El siguiente texto pertenece al libro Cuentos del Deporte, escrito por Osvaldo Arsenio. Aquí plantea quiénes son los verdaderos dueños del fútbol y brinda un homenaje a los jóvenes que son explotados por esa gran maquinaria que rodea a la pelota.

Cuando Abi Kalule despertó aquella mañana y se levantó de esa especie de pesebre que es su cama de todos los días en las afueras de Bogandé, un pequeño villorrio en el nordeste de Burkina Faso, se rascó con fuerza las mejillas hinchadas y doloridas por las picaduras de los insectos que pululaban en el piso polvoriento. Sin embargo, Abi era bastante sano y el único de sus hermanos que había logrado llegar a los 10 años, y por cierto tenía mucha suerte, ya que también era el único de la familia que se había vacunado contra varias enfermedades, cuando lo llevó su mamá de muy chiquito al pueblo para participar del primer “Childs Survival Day”, algo así, como “El día del niño sobreviviente”, donde una ONG repartió vacunas en agosto de 2003.

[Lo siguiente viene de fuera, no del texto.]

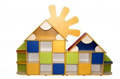 Стенка детская "Солнышко" Габаритные размеры: 2610х360х1880 мм. Вес: 94,84 кг. Материал: корпус, полки, двери - ДСП ламинированная, толщина 16 мм. Задняя стенка: ДВП ламинированная белая 3 мм. Все части / элементы оклеенного кромочного лентой ПВХ 1 мм. Имеет фигурные вырезы и элементы. Цвет ДСП: крем, желтый, красный, синий, лайм.

Luego, la mamá se enfermó de los huesos y ya no pudo llevar a los otros hermanitos al siguiente “Childs Survival Day”, el del invierno de 2007. Todavía adormecido, sintió al lado la respiración pesada y fatigosa de su hermana, la pequeña Niagé que por suerte no había llorado a la noche, o por lo menos, él no lo había notado, también escuchó a la mamá afuera haciendo las tareas de siempre, y tratando de encontrar algo de pasto, cosa bastante difícil en la estación seca, para alimentar a las tres cabras que convivían con la familia.

Abi se levantó sin hacer ruido, y pensó en lo que podría hacer ese día y es que allí hasta donde alcanzaba la vista, no había nada, apenas polvo, piedras y algunos arbustos, y Bogandé está lejos, a casi un día de marcha.

Además, por cierto, ¿qué se podía hacer en el pueblo sin dinero? Abi sólo vio dinero dos ó tres veces en su vida hace mucho, cuando su madre trabajó algunos meses descargando cajas en el único mercado del lugar. El dinero sirve para comprar cosas que uno necesita, le dijo entonces su mamá Ione, mientras él pensaba en una pelota y comida.

Para peor, hoy no era el día para buscar agua cerca del cruce de caminos que va al pueblo. Eso sí le gustaba, pero no era sólo por traer el agua fresca que reemplaza a la oscura y fétida que a veces trae del río cercano. El viejo Babu, que era el único de la aldea que había visto hace muchos años, plantas y árboles altísimos hasta muy cerca del agua, donde ahora sólo hay piedras y barro, siempre les repetía, que aquel riacho, que bajaba del gran Volta, ahora traía agua mala para el cuerpo, quizá por eso, sus otros hermanitos ya no estaban con ellos, pensó algo entristecido.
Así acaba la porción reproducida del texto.